Assistant Physical Therapy Professor Ali Boolani, Clinical Assistant Professor Christopher Towler, Assistant Occupational Therapy Professors Alisha Ohl and David Schelly, and Jeri Reid, M.S. ’17, teamed up with Texas A&M University Professor Matthew Lee Smith, to publish a research article titled, “Health Differences in Didactic Versus Clinical Stage Graduate Allied Health Students.” The experiment studied Occupational Therapy, Physical Therapy and Physician’s Assistant students’ health habits, both at the classroom stage of studies and the clinical phase.

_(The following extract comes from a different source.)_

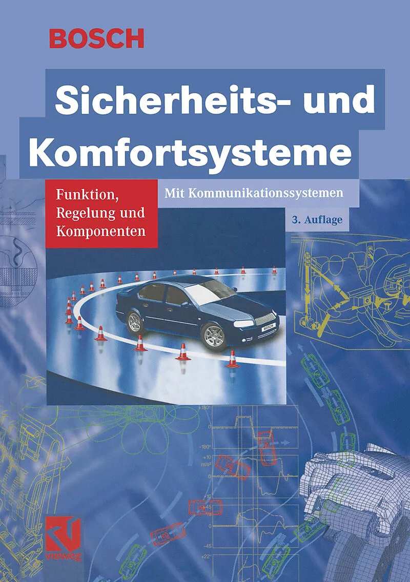 Fahrsicherheit im Kraftfahrzeug.- Sicherheitssysteme.- Grundlagen des Fahrens.- Grundlagen der Fahrphysik.- Reifen.- Kräfte und Momente am Fahrzeug.- Fahrzeuglängsdynamik.- Fahrzeugquerdynamik.- Definitionen.- Bremssysteme im Personenkraftwagen.- Übersicht.- Geschichte der Bremse.- Einteilung von Pkw-Brems- anlagen.- Bestandteile einer Pkw-Bremsanlage.- Bremskreisaufteilung.- Komponenten für Pkw-Bremsanlagen.- Übersicht.- Bremspedal.- Bremskraftverstärker.- Hauptzylinder.- Ausgleichsbehälter.- Vordruckventil.- Bauteile für konventionelle Bremskraftverteilung.- Bremsleitungen.- Bremsschläuche.- Bremsflüssigkeit.- Radbremsen.- Übersicht.- Trommelbremsen.- Scheibenbremsen.- Bremsbeläge und Bremsscheiben.- Anitblockiersystem ABS.- Systemübersicht.- Anforderungen an das ABS.- Dynamik des gebremsten Rades.- ABS-Regelkreis.- Typische Regelzyklen.- Raddrehzahlsensoren.- Antriebsschlupfregelung ASR.- Aufgaben.- Funktionsbeschreibung.- Struktur der ASR.- Typische Regelsituationen.- ASR für allradgetriebene Fahrzeuge.- Elektronisches Stabilitäts-Programm ESP.- Anforderungen.- Aufgaben und Arbeitsweise.- Fahrmanöver.- Gesamtregelkreis und Regelgrößen.- Mikromechanische Drehratesensoren.- Lenkradwinkelsensoren.- Hall-Beschleunigungs- sensoren.- Automatische Bremsfunktionen.- Übersicht.- Standardfunktion.- Zusatzfunktionen.- Hydroaggregat.- Entwicklungsgeschichte.- Aufbau.- Druckmodulation.- Elektrohydraulische Bremse SBC.- Aufgabe und Funktion.- Aufbau.- Arbeitsweise.- Adaptive Fahrgeschwindigkeitsregelung ACC.- Systemüberblick.- Abstandsradar.- ACC-Sensor & Control Unit.- Systemverbund.- Bedienung und Anzeige.- Detektion und Objektauswahl.- ACC-Regelung.- Weiterentwicklungen.- Elektronische Qetriebesteuerung.- Getriebe für Kraftfahrzeuge.- Anforderungen anGetriebe.- Getriebeausführungen.- Elektronische Getriebesteuerung.- Steuerung automatisierter Schaltgetriebe AST.- Steuerung von Automatikgetrieben.- Steuerung stufenloser Getriebe.- Positionssensor für Getriebesteuerung.- Getriebe-Drehzahlsensoren.- Elektrohydraulische Aktuatoren für Getriebesteuerung.- Anwendung und Aufgabe.- Anforderungen.- Aufbau und Arbeitsweise.- Aktuatorausführungen.- Module für Getriebesteuerung.- Anwendung.- Modulausführungen.- Aktivlenkung.- Aufgabe.- Aufbau.- Arbeitsweise.- Sicherheitskonzept.- Nutzen der Aktivlenkung für den Fahrer.- Insassenschutzsysteme.- Sicherheit am Kraftfahrzeug.- Sicherheitsgurte, Gurtstraffer.- Frontairbag.- Seitenairbag.- Komponenten.- Überrollschutzsysteme.- Ausblick.- Piezoelektrische Beschleunigungssensoren.- Oberflächenmikro- mechanische Beschleunigungssensoren.- Sitzbelegungserkennung.- Fahrerassistenzsysteme.- Kritische Fahrsituationen.- Unfallursachen, Maßnahmen.- Einsatzgebiete.- Sicherheit und Komfort.- Elektronische Rundumsicht.- Einparksysteme.- Einparkhilfe mit Ultraschallsensoren.- Weitere Entwicklungsschritte.- Ultraschallsensoren.- Antriebsund Verstellsysteme.- Fensterantriebe.- Dachantriebe.- Sitz- und Lenkradverstellung.- Heizung und Klimatisierung.- Elektronische Heizungsregelung.- Elektronisch geregelte Klimaanlage.- Fahrzeugsicherungssysteme.- Akustische Signalgeräte.- Zentralverriegelung.- Schließsysteme.- Biometrische Systeme.- Instrumentierung.- Informations- und Kommunikationsbereiche.- Fahrerinformationssysteme.- Kombiinstrumente Kl.- Display-Ausführungen.- Analoge Signalübertragung.- Analoge Rundfunksysteme.- Größen und Einheiten.- Nachrichtenübermittlung mit Hochfrquenzwellen.- Elektromagnetische Verträglichkeit EMV.- Satellitengestützte Nachrichtenübermittlung.-Digitale Signalübertragung.- Digitale Rundfunksysteme.- Radio Data System (Rundfunkzusatzdienst).- Digital Audio Broadcasting DAB.- Digital Multimedia Broadcasting DMB.- Digital Radio Mondial DRM.- Orientierungsmethoden.- Orientierung.- Ortung.- Navigation.- Mobil- und Datenfunk.- Telekommunikationsnetze.- Komponenten und Struktur.- Mobilfunknetze.- Datenfunknetze.- Audioanlagen.- Autoradio.- Zusatzeinrichtungen.- Autoantennen.- Aufgabe.- Radioantennen.- Mobilfunkantennen.- Navigationsantennen.- Verkehrsfunksysteme.- Aufgabe.- Verkehrsfunkkanäle.- Navigationssysteme.- Aufgabe.- Anwendung.- Arbeitsweise.- Piezoelektrischer Stimmgabel-Drehratesensor.- Verkehrstelematik.- Definition.- Aufgabe.- Struktur und Arbeitsweise.- Flottenmanagement.- Transporte und Dienstleistungen.- Unterhaltung und Information in Bussen.- Werkstatt-Technik.- Werkstattgeschäft.- Diagnose in der Werkstatt.- Prüf- und Testgeräte.- Bremsenprüfung.- Redaktionelle Kästen.- 61 Reaktions- und Anhalteweg.- 65 Bosch-Prüfzentrum Boxberg.- 79 Bewertungskriterien für Pkw-Scheibenbremsbeläge.- 109 Grundlagen der Regelungstechnik.- 123 Einspurmodell.- 131 Miniaturen.- 141 Fahrstabilität.- 145 ABS-Ausführungen.- 149 Entwicklung der Hydroaggregate.- 177 Radar-Geschichte(n).- 243 Getriebegeschichte(n).- 281 Geschichte des Sicherheitsgurtes.- 327 Der blaue Punkt: Autoradio-Geschichte(n).- 359 Kfz-Informationssystem.- 367 Mikromechanik.- 375 Unterhaltung im Automobil.

“As the next generation of healthcare professionals, it is necessary that we are able to have meaningful conversations with our patients about living a healthy lifestyle and how that can help prevent many chronic diseases,” Reid said. “Yet, I found that despite our extensive training and knowledge about healthy lifestyle choices, myself and many other students around me were guilty of not implementing them in our own lives.” Reid said it is typical of graduate students to prioritize studies over everything, including physical and mental health. “It was important to me to conduct this study so we could identify what aspects of our health were suffering and during which phases of our training,” said Reid.
The study found that students in the classroom stage reported significantly higher tension/anxiety, depression, anger, confusion, fatigue, the total intensity of mental work performed and time spent sitting. Overall, the study showed that students in the classroom stages have worse mood and decreased health relative to their counterparts in clinical stages. “My hope is that this information can be used to make interventions and improve the health and wellness of students in the future,” Reid said.